The key to rural hospital profitability was size.  

Thirteen of the 21 rural hospitals had operating revenue above $40 million. All but one of them had a positive operating margin. The largest by revenue, not-for-profit Ballad Health’s Lonesome Pine Mt. View Hospital in Big Stone Gap, had an operating margin of 22.7%, up from 7.3% in 2018.

Of the eight rural hospitals with operating revenue below $40 million in 2019, seven of them had negative operating margins.

If we remove the eight smallest from the list, the combined 2019 operating margin of the thirteen rural hospitals with operating revenue between $40 million and $105 million was an astounding 14.2%.

Psychiatric Hospitals. The picture is not nearly so rosy in most of Virginia’s eight psychiatric hospitals.  

Combined performance in 2019 was $172 million in operating revenue, $2.5 million in operating income for a combined operating margin of 1.4%. 

The largest, HCA’s Dominion Hospital in Falls Church, had an operating margin of 19.7%. The second largest, Universal Health Service’s Poplar Springs Hospital in Petersburg, had an operating margin of negative 29.6%. Four were profitable. Four weren’t.

Rehabilitation Hospitals. Eight of Virginia’s nine rehabilitation hospitals were profitable.
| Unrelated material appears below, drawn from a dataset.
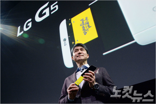 LG전자 MC사업본부장 조준호 사장이 21일(현지시간) 스페인 바르셀로나 ‘산 호르디 클럽’에서 열린 ‘LG G5 Day’ 행사에서 전략 스마트폰 ‘LG G5’를 소개하고 있다. LG전자 제공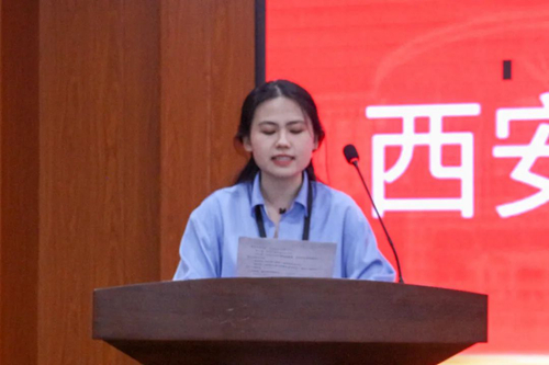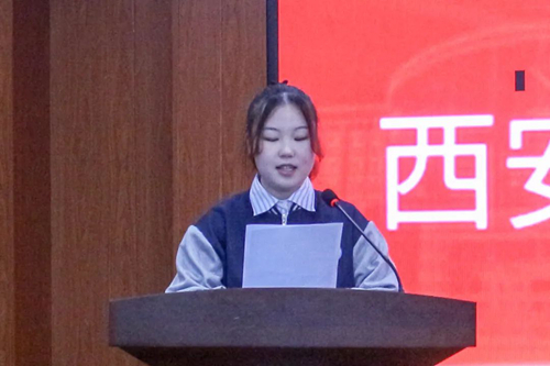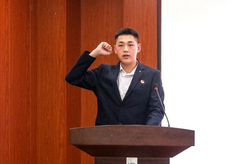 宣布完畢后,西安海棠職業(yè)學(xué)院學(xué)生代表蔣旺霖帶領(lǐng)全場(chǎng)師生莊嚴(yán)宣讀誓詞,使每一位在場(chǎng)老師同學(xué)精神振奮。

Encompass Health Corporation, which runs six of the nine, was profitable in each and had a combined 2019 operating margin of 13.1%.

Sub-acute Hospitals. Of the state’s six sub-acute hospitals, only two made money. Those were the two largest.

Bottom line

So, the 2018 combination of Medicaid expansion and Medicaid rate increases worked so well as a financial boost to Virginia hospitals that at the end of 2019 most of them were awash in money.  

The richest urban systems got richer. But there is no doubt that the changes appear to have erased concerns for the viability of most of Virginia’s rural hospitals.  

Finally, the Virginia hospital universe is dominated by regional monopoly non-profits. The monopolies were granted by the state, as were the Medicaid changes.

The General Assembly may wish next to examine the state and local tax exemptions of the most profitable “not-for-profit” hospital systems to determine the tradeoff between: 

  • leaving them state and local tax free and hoping they contribute proportionally to community health as an offset. Some do, some don’t; and 
  • taxing them and using those proceeds to both reimburse to the communities that host them for the real costs to providing services to the hospitals and to improve community health directly.

Either way, it is a combination of state COPN decisions and taxpayer money that pads the bottom lines and lines the pockets of the senior executives of these self-declared “public charities,” some of it in bonuses triggered by the profitability increases that were in turn voted for by the General Assembly.